Как только все под окном разошлись, в дом заявился дядя Менаше. Я лежал на кушетке и ждал Сролика, чтобы вместе отправиться за газетами. Увидев дядю, я притворился спящим и даже стал похрапывать.
— Не дай бог никому! — говорит дядя, поглядывая в мою сторону. — В собственном доме не смеешь слова сказать!
Родителям нравится, когда приходит дядя. Он приносит им всегда что-нибудь новое. Отец уважает его и за то, что он умеет читать и что у него хороший почерк.
— Безбожники! — кричит Менаше. — Вероотступники! Не заботятся о том, чтобы переплести молитвенник или «Книгу пророков», которая уже рассыпается!
Дядю, конечно, интересуют переплеты, потому что он переплетчик. Думая, что я сплю, он начинает потихоньку ныть.

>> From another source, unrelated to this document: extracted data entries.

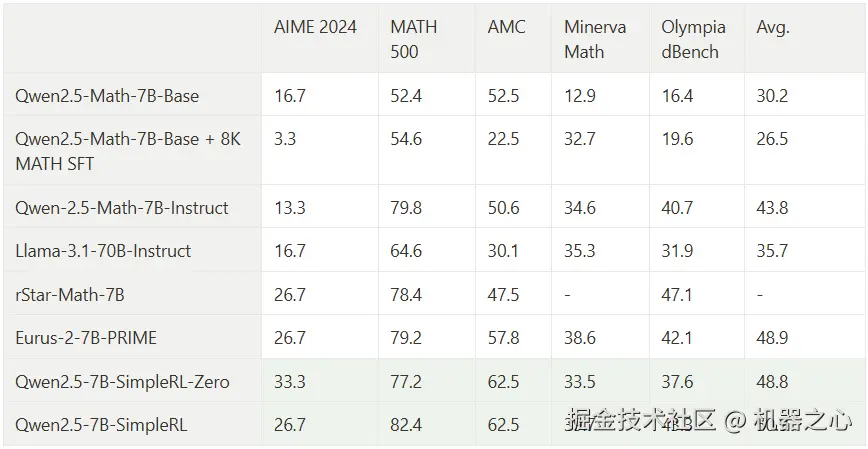 或者按其博客的说法:「没有奖励模型,没有 SFT,只有 8K 用于验证的 Math 样本,得到的模型在 AIME 上成绩为(pass@1 准确率)33.3%、在 AMC 上实现了 62.5%、在 MATH 上实现 77.2%,优于 Qwen2.5-math-7B-instruct,可与使用多 50 倍数据和更复杂组件的 PRIME 和 rStar-MATH 相媲美。」
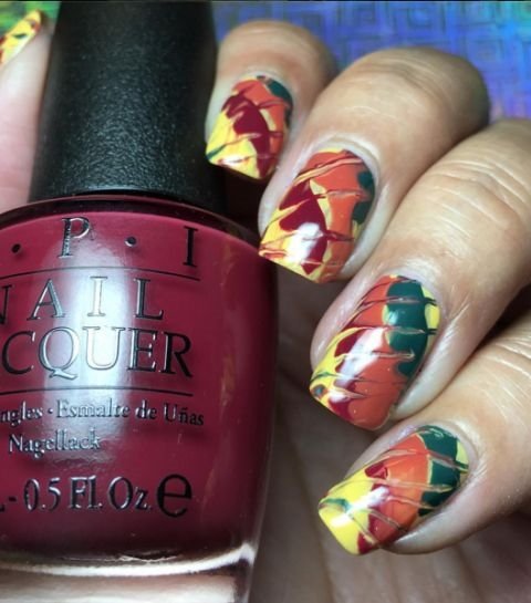 Мы привыкли, что для такого окрашивания используют обычно яркие радужные цвета, но если вы хотите тематический осенний маникюр с подобным дизайном, то отдайте предпочтение лаку желтого, багряного, оранжевого и темно-зеленого оттенков.
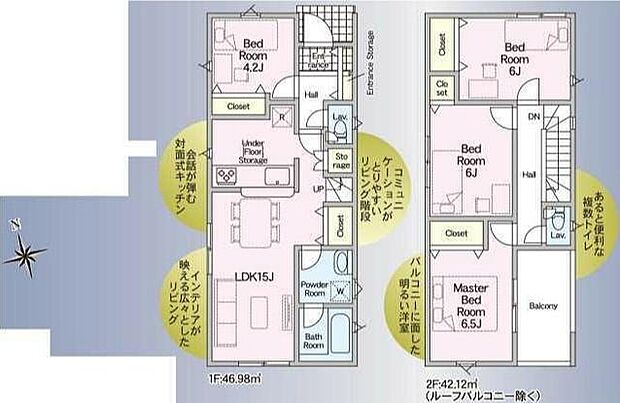 | 間取り | 4LDK 間取り内訳:リビングダイニングキッチン 15帖(1階)・洋室 4.2帖(1階)・洋室 6帖(2階)・洋室 6帖(2階)・洋室 6.5帖(2階) |
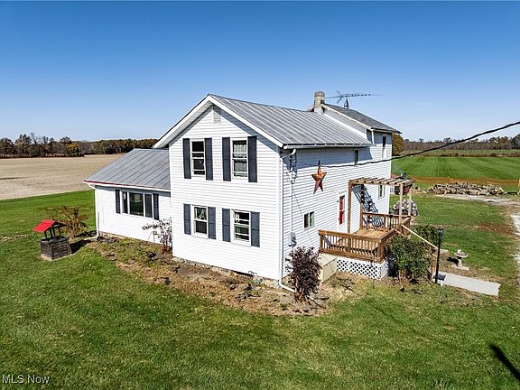 Country living meets modern 3 bedroom, 2 bath farmhouse. Boasting an updated kitchen featuring a breakfast bar with granite countertops, included stainless steel appliances, wood accents & half wall opening to a bright living room with updated vinyl floors. The main floor offers a master bedroom, office, and full bath. Upstairs you'll find 2 additional bedrooms and a large jack & jill bath with a 6ft heated jacuzzi tub. The sunroom is a versatile space with heated floors, perfect for a hot tub, craft room, or cozy winter retreat. Outside offers plenty of space and opportunity with the 80x30 pole barn with 14ft eves, and 3/4th of the roof replaced. Nice 1.5 acre lot waiting for your imagination. Whole house generator, outside wood burner, house roof replaced in 2023. Part walk out basement ideal for extra storage or canning. Don't miss your chance to live in the country while still being minutes from town! Listing agent is related to seller.
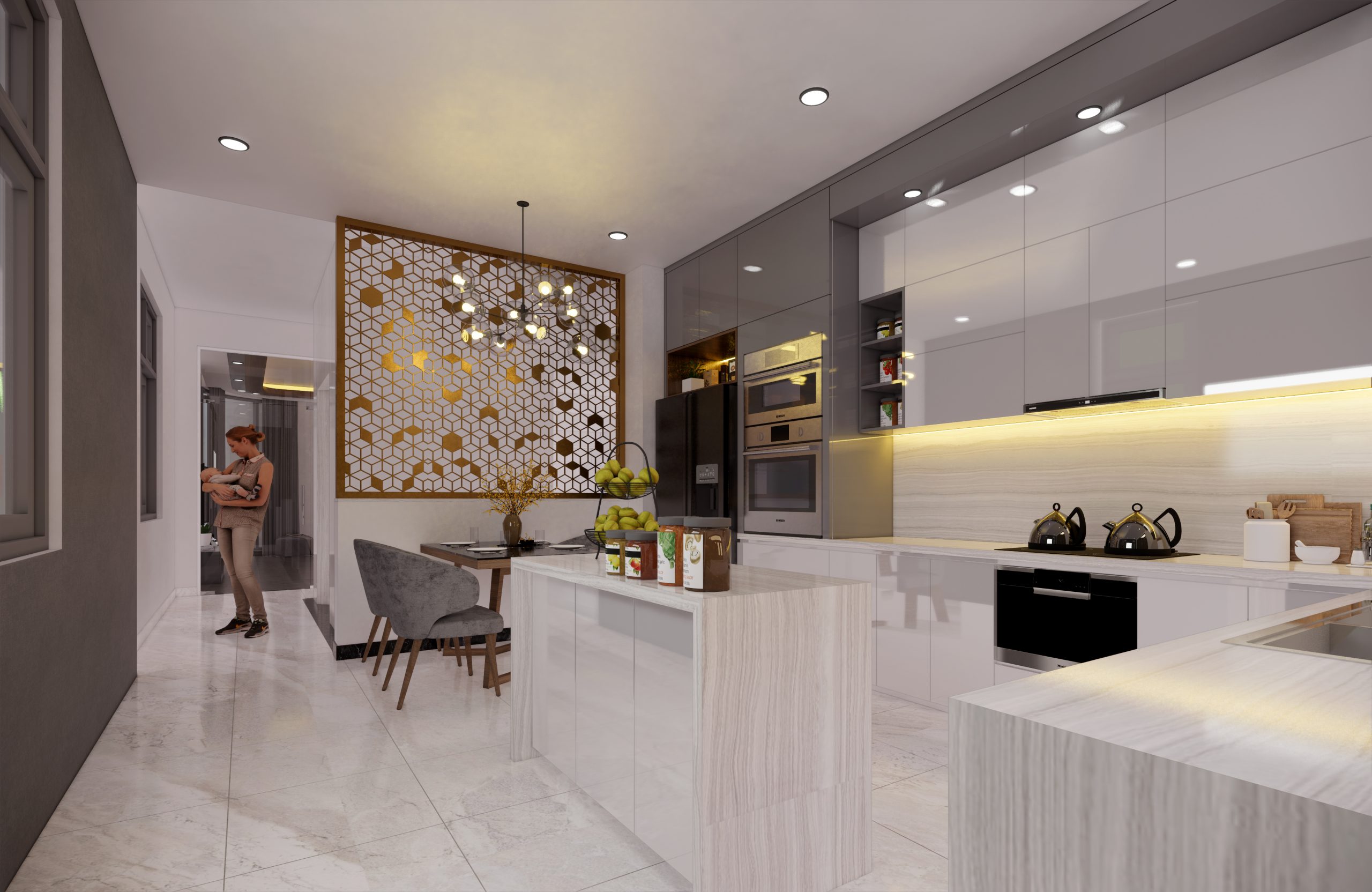 Đặc biệt là không gian bếp. Đây vừa là không gian sinh hoạt chung của cả ngôi nhà. Cũng đồng thời là nơi có rất nhiều mùi từ việc nấu nướng. Nếu không được thiết kế một cách cẩn thận, việc cảm thấy ngột ngạt là điều không thể tránh khỏi. Nhưng đối với Kiến Long, đấy không phải là bài toán khó. Hãy nhìn cách Kiến Long thiết kế không gian bếp cho nhà chú Dân là biết ngay mà.

— Все еще болен, — говорит он, читая бюллетень о болезни Ленина. — И сам Семашко подписывается. А тут целый город людей… Не дай бог, если с ним что-нибудь случится, тогда все мы по дворам пойдем. Он только заболел — и уже такое самоуправство! Какой-то Бечек! Целый город оставили без куска хлеба!
— Довольно! — кричу я, не в силах стерпеть это.
От неожиданности дядя опрокидывает на себя стакан чаю.
— Ну вот пусть скажет отец!.. Что я особенного сказал? — улыбается мне перепуганный дядя. — Говорил о положении…
— Ошер!.. — заступается за него отец.
— Он ничего не говорил! — удерживает меня мать.
Но меня нечего удерживать. Как Каминер, я хочу, чтобы всем было хорошо и чтобы дядя это наконец понял.
— Когда вы строили ваш дом, дядя… — говорю я.
— То есть как?
— Он никогда ничего не строил.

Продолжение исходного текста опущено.